Please rate and share our podcast, it helps alot! 
Links:
Follow us on twitter: @edie_wyatt @new_elle
Got something to say about anything we said? Share your opinions in the comments, we'll talk about them next week!
xx

Sunday, June 8, 2014

Podcast Episode 1 is here!

Hi lovelies!

The New Lesbian Podcast is finally here!



Listen to episodes right here, thanks to Stitcher Radio:


Check out the New Lesbian Podcast blog for show notes!

You can also listen on iTunes, Pocket Casts, or any other podcast app! (feed URL: http://feeds.feedburner.com/NewLesbianPodcastEpisodes)

(BIG NEWS: Elle finally has a twitter! She swears she will never actually tweet, but just in case, go find her at @new_elle!)

We'll be recording episode two soon, so keep your questions coming (ask.fm/ediewyatt) and thanks so much to those of you who've sent them in already!

xx



Saturday, May 24, 2014

Relationship advice

I got a really great question on my ask.fm page, and though I answered it over there, I'm going to post it here too.  I feel like this one's important. (By the way, thanks so much to all of you who've been sending in questions!  Keep 'em coming, they'll be talked about in the first episode of the podcast, which Elle and I will be recording this week!)

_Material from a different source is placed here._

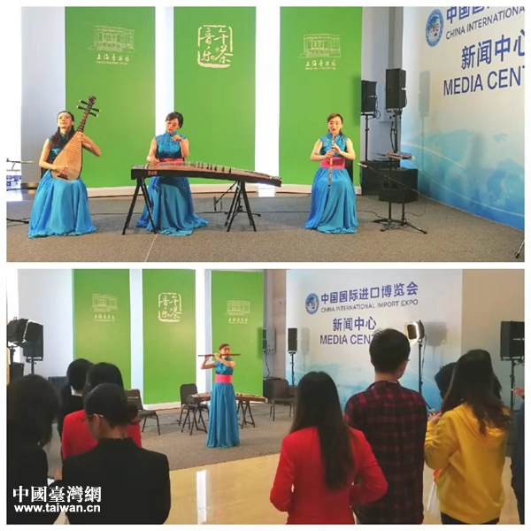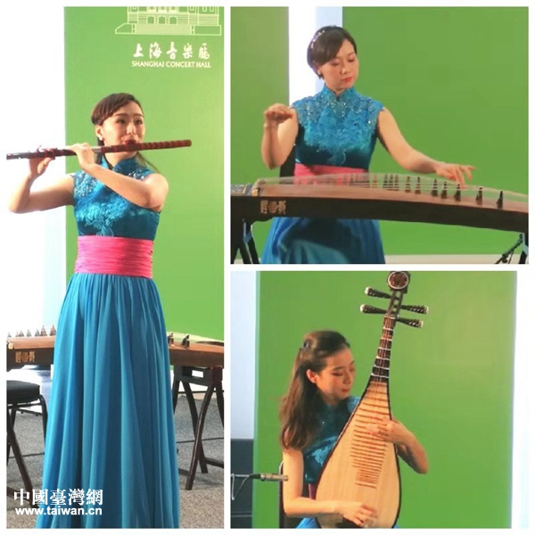 图为上海民族乐团的古筝方瑜、琵琶朱天津、笛子赵韵梦在演奏现场。(图片来源:上海市台)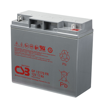 - Bateria CSB modelo  CSB GP 12170, 12 V (80 W) e corrente de 17 Ah original para troca e reposição nos nobreaks APC modelo SMC 2200 e 3000, SUA3000, SMS Atrium 2200, Power Sinus NG 3200  e Station II, NHS e Ragtech.

“You recently wrote that you and your gf went through a tough time. Are things better now and if they are how did you get through it. I’m going through a rough time right now in my relationship and could use some advice”-Anonymous

Things are better between Elle and I now, but it took time.  I think we had about a month to a month and a half that were really hard, and we’ve had hard times before.  A lot of our issues both this time, and in the past, are about our communication—or, actually, about our LACK of communication.  We weren’t talking about how we were really feeling about a lot of things, and weren’t telling each other what we needed (both from the other person, and in our lives in general), and that led to a lot of the problems we were having.

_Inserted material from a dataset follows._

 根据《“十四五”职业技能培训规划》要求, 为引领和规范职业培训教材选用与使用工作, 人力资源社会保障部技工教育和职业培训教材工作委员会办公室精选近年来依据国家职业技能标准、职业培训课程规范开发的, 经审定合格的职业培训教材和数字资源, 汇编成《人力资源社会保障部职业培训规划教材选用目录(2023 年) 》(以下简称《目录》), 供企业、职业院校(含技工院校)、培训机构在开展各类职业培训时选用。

The solution was TALKING. A lot. And talking honestly, and about things that made us feel vulnerable.  I think that each of us heard, and said, things that we maybe would have rather been kept inside, but if we had, we would have continued down a bad road for our relationship, because we would have been pretending that things were okay when they weren’t.

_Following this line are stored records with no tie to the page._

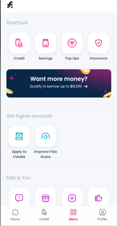 Access all Fido products in one spot; Credit, Savings, Top-Up, and Insurance.Get Higher Amount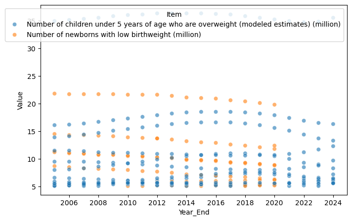 sns.scatterplot(data=food_security_nona_mod2, x='Year_End', y='Value', hue='Item', alpha=0.6)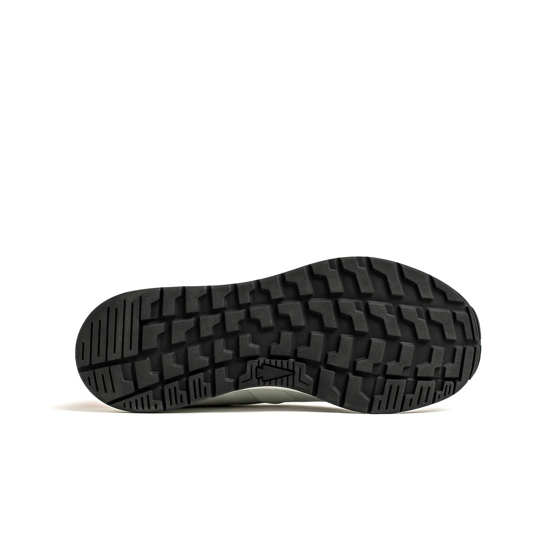 The image showcases the sole of a Women's Rough Runner - Light Grey + Red shoe by GORUCK, featuring a textured, rugged tread pattern. The black sole is crafted to enhance traction with an intricate array of geometric shapes forming a gripping surface against a white background, making it perfect for high mileage running shoes that prioritize durability and performance.

I don’t know the specifics of what’s happening in your relationship, of course, but whatever it is, the most important thing you can do to try to work through it is to talk to each other. About all of it. About every feeling and fear you’re having.  But I think it’s really important to point out that Elle and I didn’t FIGHT to work through our issues. Yes we got loud sometimes, and there were many tears, but you have to talk it out remembering that you’re both on the same team. Try to not to get nasty, unless the intention is for the relationship to end. I know from experience that the nasty things said in tough times leave deep and lasting wounds.  If both of you still want to be together, if you want to get past this tough time and still be together, make sure to remember that and remind each other of that. You have to remember that the whole reason why everything is happening between the two of you is because you love each other, and are trying to make it work, but maybe don’t know how or are scared.  Be kind, even as you are sharing your hurt, or hearing things that hurt you to hear.

I hope this helps, anon. Keep me posted?